What writing Lose This Skin means to me by Jerry Sykes
Jerry Sykes Lose This Skin, Cover

 

Jerry Sykes came to my attention when he won the CWA Short Story Dagger a few years ago. Although he was known before this for his work in Shots’ predecessor; A Shot in the Dark, plus contributions to a slew of anthologies.  When I discovered news of his debut novel ‘Lose this Skin’, I asked Jerry to tell Shots’ readers a little about the novel.

 Ali Karim

I first became aware of Camden Lock in the late 70s when The Clash had their rehearsal space there in an abandoned railway arch. Stranded in rural Yorkshire my friends and I would often talk long into the night about what a magical place the Lock must be to inspire such heroic music. But by the time I finally came to visit the Lock in the early 80s The Clash had long since gone and the area had taken its first tentative steps towards becoming some kind of Disneyland for the casually disenfranchised. Twenty years later the transformation is complete. Every weekend the Lock is flooded with thousands of tourists from all over the world in search of a little pocket hedonism and rebellion-by-proxy. Even the drug dealers who whisper at you from every corner seem to have come straight from central casting.

Behind all this seemingly harmless fun however something far more sinister lurks.
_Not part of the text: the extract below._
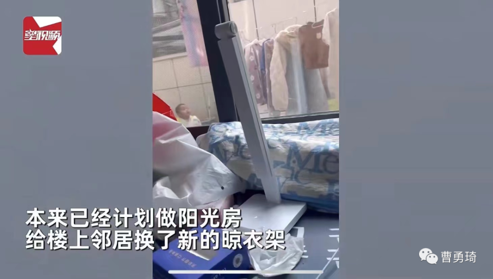 女子表示,原本自己家和邻居家都是在一楼的院子里晾晒衣服被子的。后来,由于自己想在院子里盖一个阳光房,于是,她便给楼上邻居新换了一个晾衣架。谁料,自己家的阳光房刚刚搭上架子,就被楼上给举报了。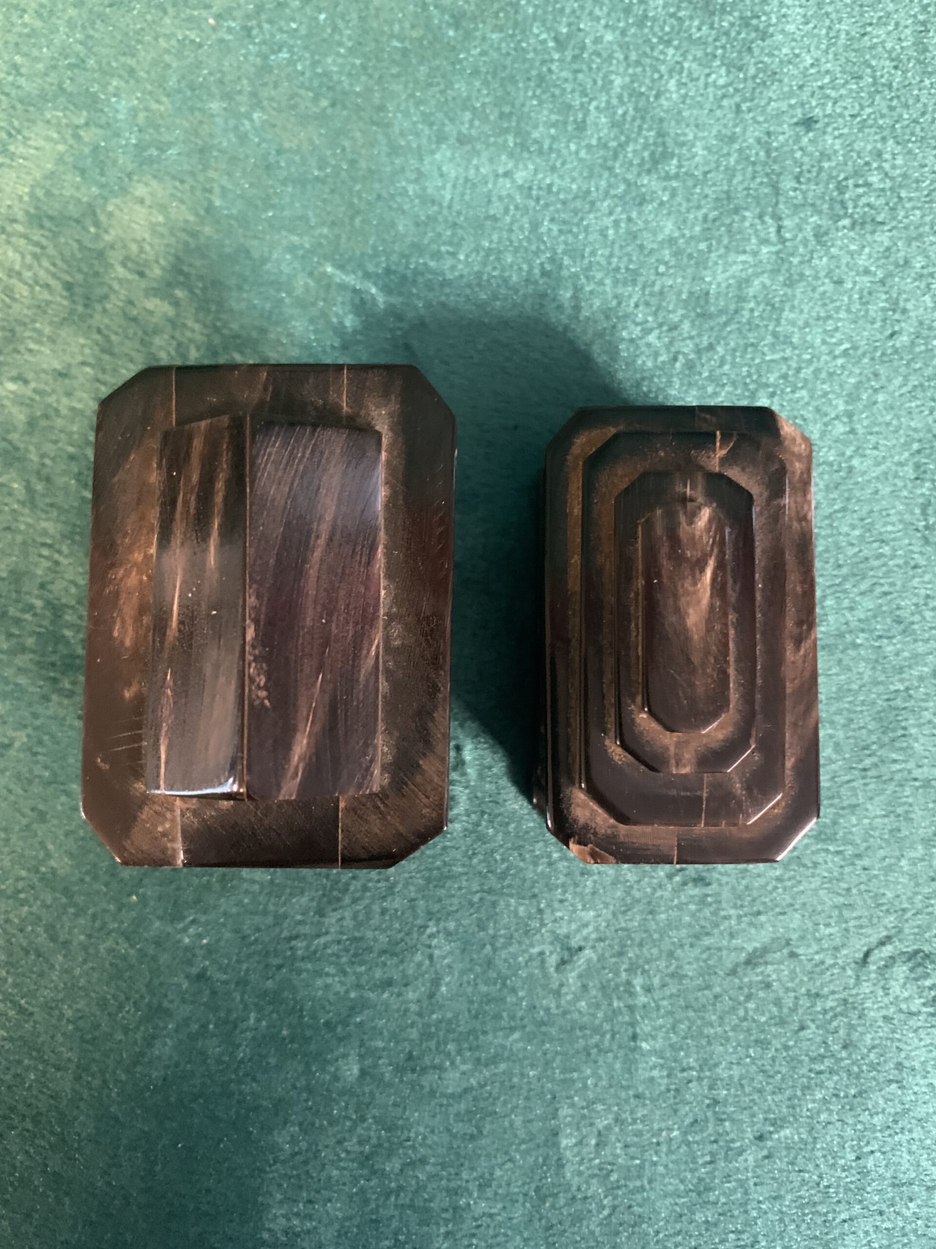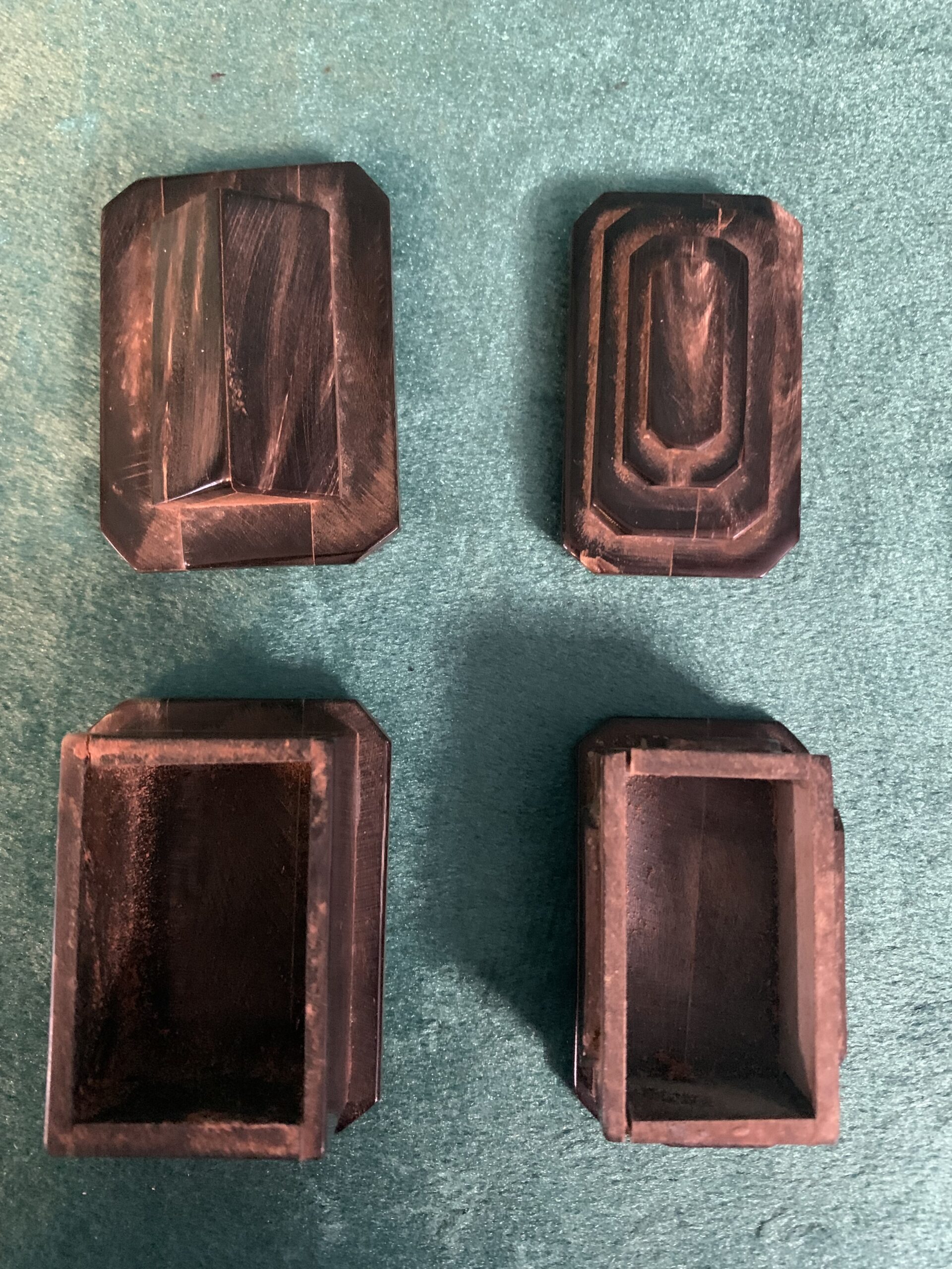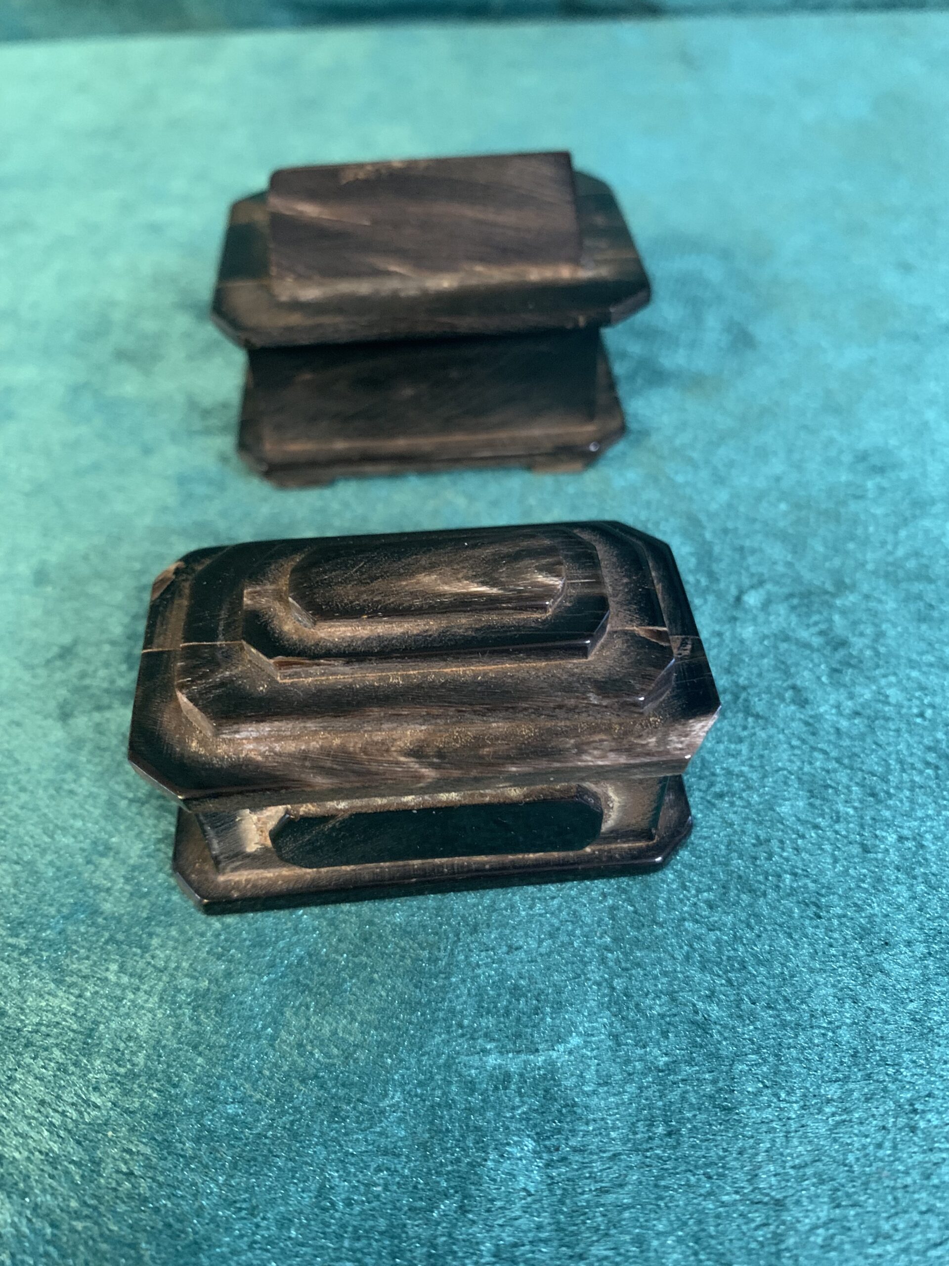 PAREJA DE ALHAJEROS EN MADERA DE EBANO DE GABÓN, pareja de alhajeros, de forma rectangular y tapa piramidal, tallados a mano posiblemente en el Congo, posiblemente años 60.

Camden Town has one of the biggest drugs problems in the country. But in a world that pays Kate Moss ten times more than she was being paid before the tabloids dubbed her Cocaine Kate it is hard not to believe that the authorities are turning a blind eye in order to keep the tourist dollars rolling in.
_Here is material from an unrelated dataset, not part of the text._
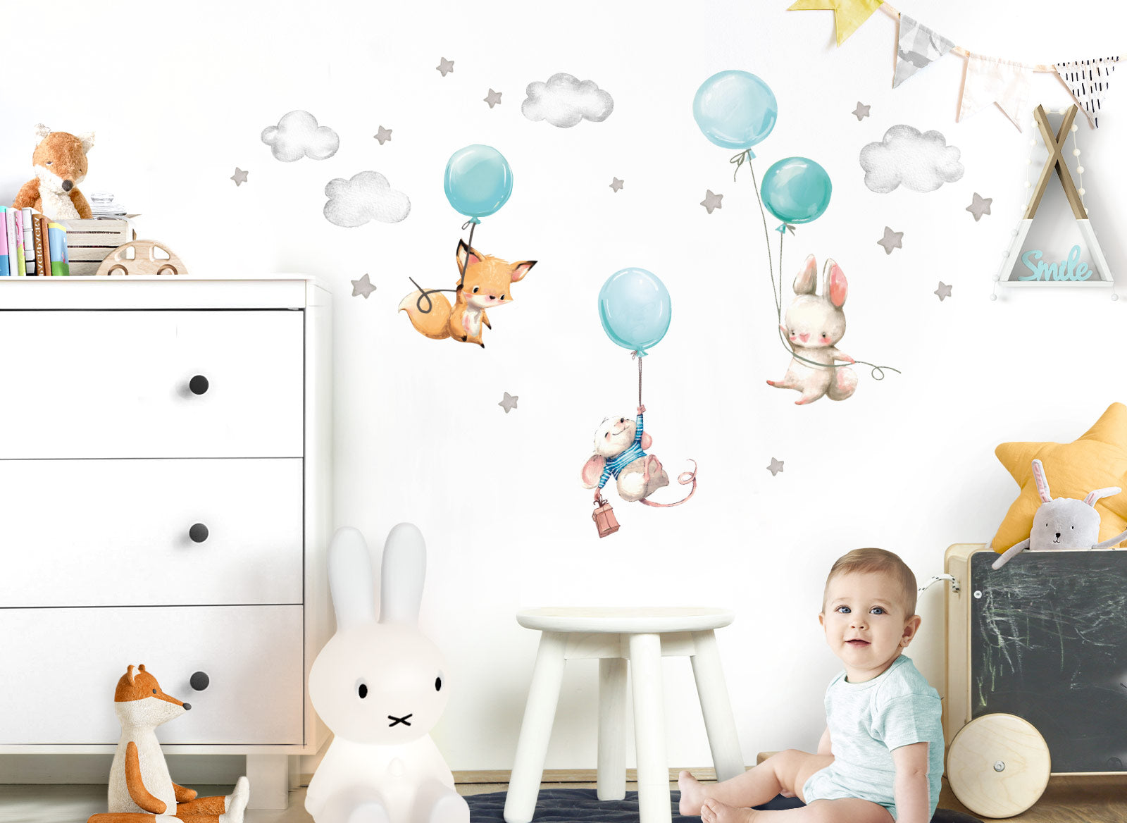 Little Deco Wall sticker fox mouse and rabbit with balloon DL610

This is all pure speculation of course but it was this idea that inspired me to write Lose this Skin. After publishing some two dozen short stories over the last few years - and winning two CWA Short Story Daggers in the process - here at last was something I felt I could get my debut novelistic teeth stuck into.

As a reader I have always been drawn to the loner but at the same time have never felt totally comfortable with the idea of a British PI. So when it came to creating my own leading man I felt that I needed a good reason for him to be acting alone. Eventually I came up with the idea of a cop on sick leave after being shot in a drive-by shooting with the shooter still out there in the night... He is finally pulled away from his own brooding when an old friend asks him to look into the death of her son. The boy had been killed under the wheels of a police car and the official line is that it was an accident but his mother thinks differently.